Several governors have renewed their position regarding masks this week, as new infections have grown mainly throughout the American south and west. On Thursday, California Governor Gavin Newsome issued an order requiring people to wear face masks in most rooms and outdoors when physical distance is not possible. Arizona state governor Doug Ducey changed his policy on Wednesday to allow city and local officials to set their own camouflage requirements. In Texas, Governor Greg Abbott allowed some cities, such as Austin, to demand a mask, threatened by a fine for non-compliance.

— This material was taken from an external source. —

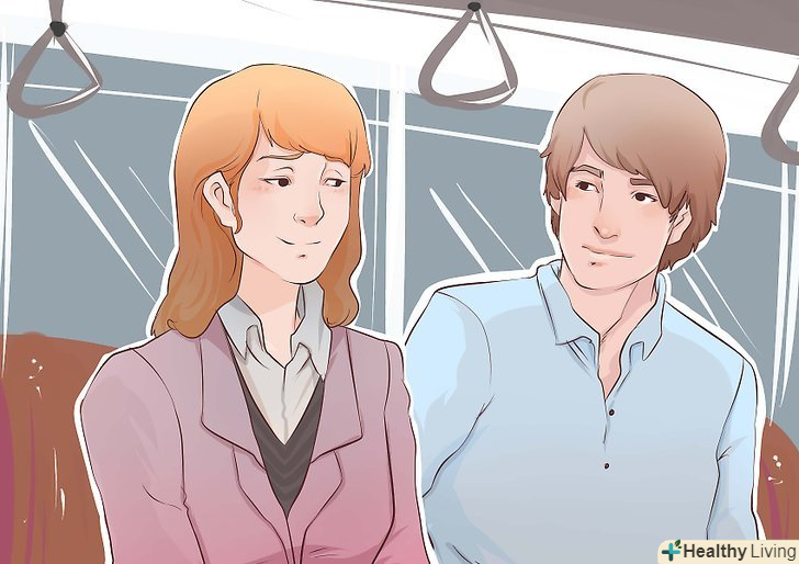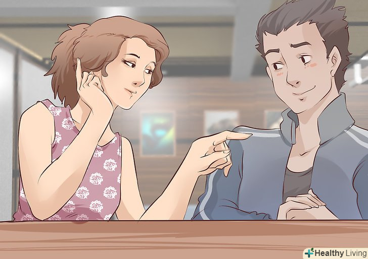 Встановіть зоровий контакт і посміхайтеся . Час від часу поглядайте на людину, яка вам цікавий, але намагайтеся не перестаратися. Посміхніться, якщо ваші погляди зустрілися. Якщо людина посміхнулася у відповідь, це може вказувати на взаємний інтерес.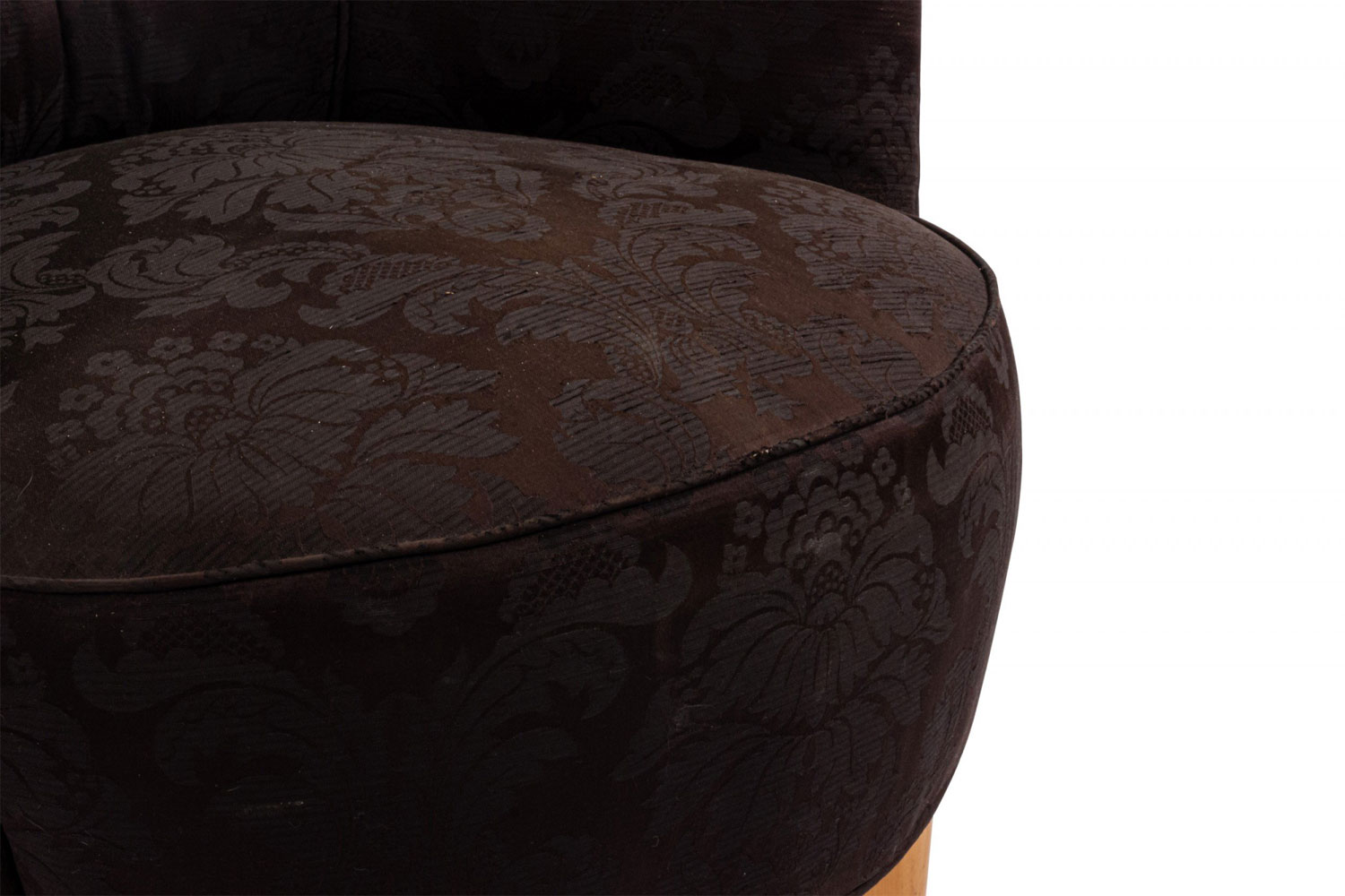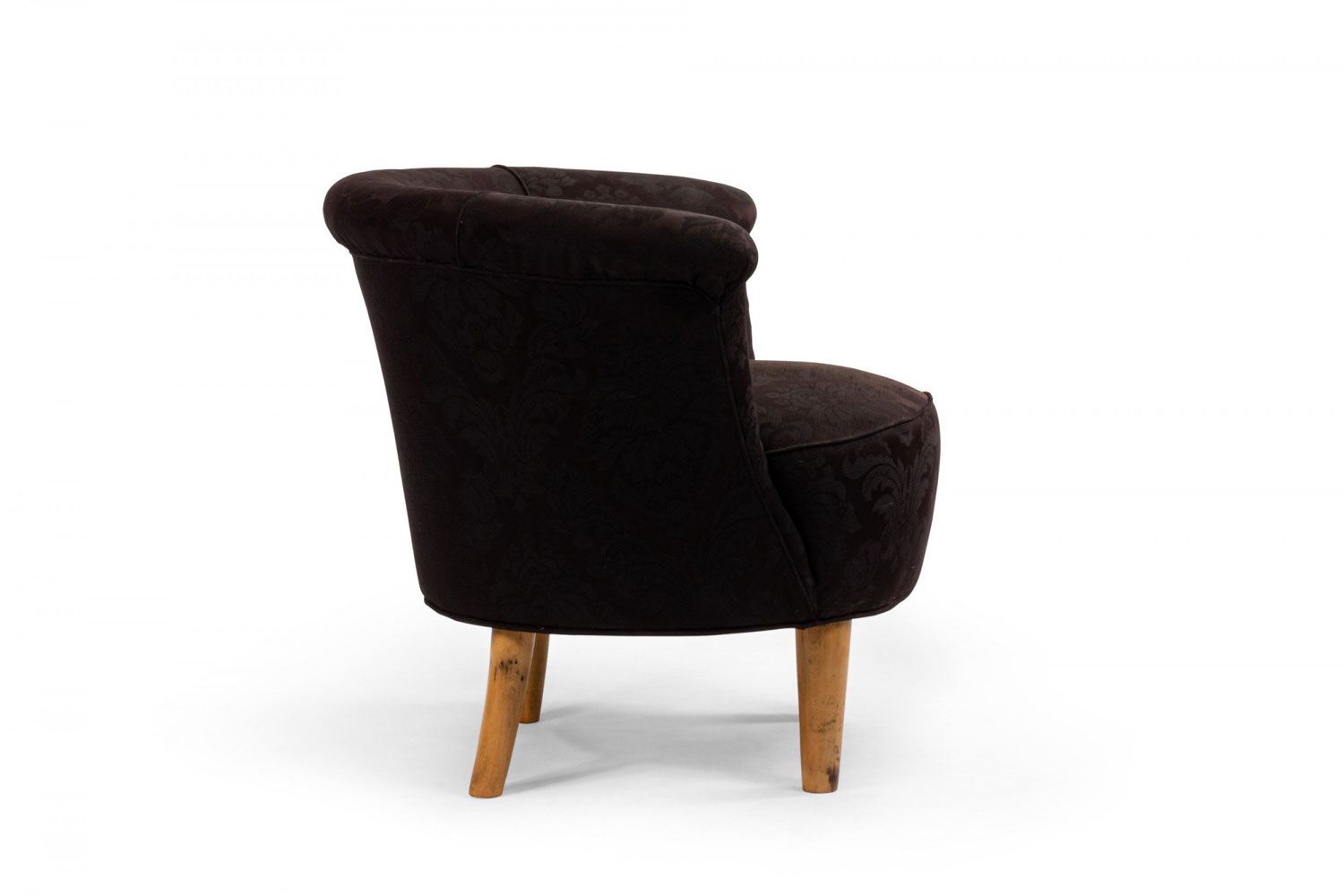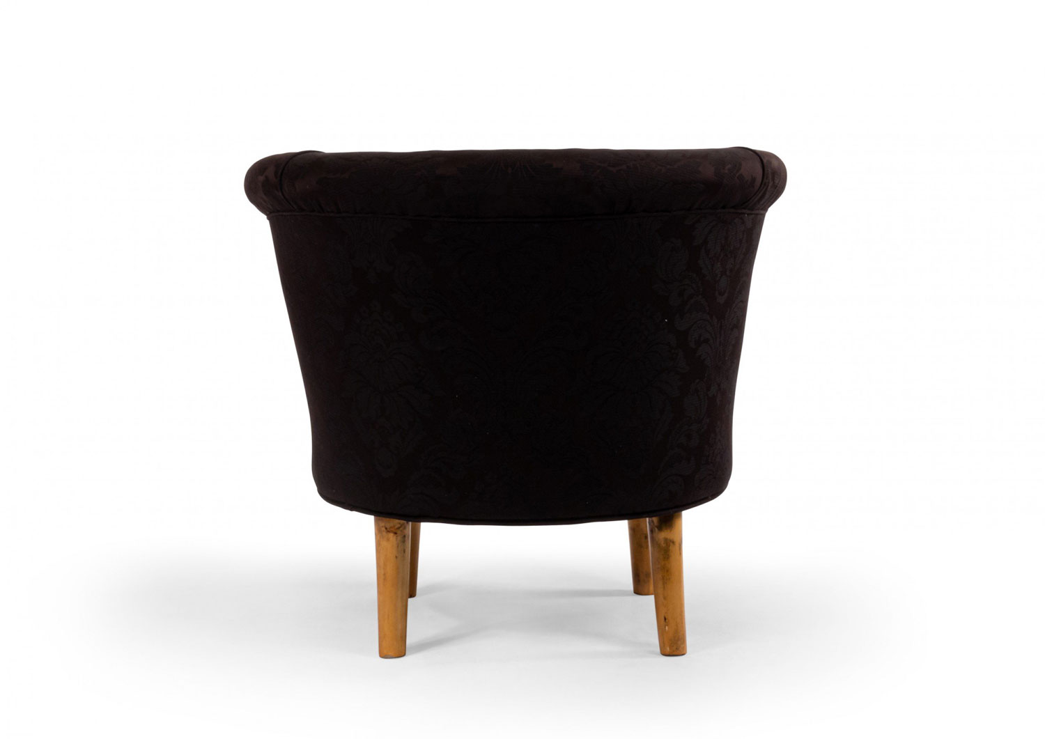 American Art Moderne/contemporary tub chair with black upholstered low round back supported on blond wood tapered round legs.

Wearing a mask, however, remains a controversial issue in the United States. Nebraska, Governor Pete Ricketts told the county governments earlier this week that he will abandon federal funds to help coronaviruses if they need masks in local government offices, Omaha World Herald first reported,

“I think you will see that people will begin to change their position on this issue,” Gottlieb said, adding that the requirement for people to wear a mask is less restrictive than keeping people at home at work. “We need to achieve the least intrusive things we can do. This is one of them. ”

“Saving life”

Gottlieb also pointed to something like a silver lining, as infections across the country continue to grow. According to Gottlieb, as more people become infected with the virus, a smaller portion becomes seriously ill and dies.

“What we actually see, and I’m going to publish the data later today, this hospitalization rate as a percentage of the total number of cases actually decreases, and it seems that the mortality rate also,” he said, “And there are probably several reasons for this. ”

This is probably a sign that people at risk, including older people and people with concomitant illnesses, are better protected, which means staying at home, physically distance yourself from others and wear masks, Gottlieb said. He added that more people with a positive test result are younger and healthier people who are not hospitalized and do not die from Covid-19 at the same rate as older people.

“We are also doing the best job of saving life in the hospital, and we talked about this before, but it really will be significant in anticipation of the fall,” he said. “I think you will see that mortality rates will decrease if we can protect the health care system, and in these cities it will not be overloaded.”

Disclosure: Scott Gottlieb, CNBC Officer, Member of the Board of Directors of Pfizer, Genetic Testing Startup Tempus and the biotechnological company Illumin.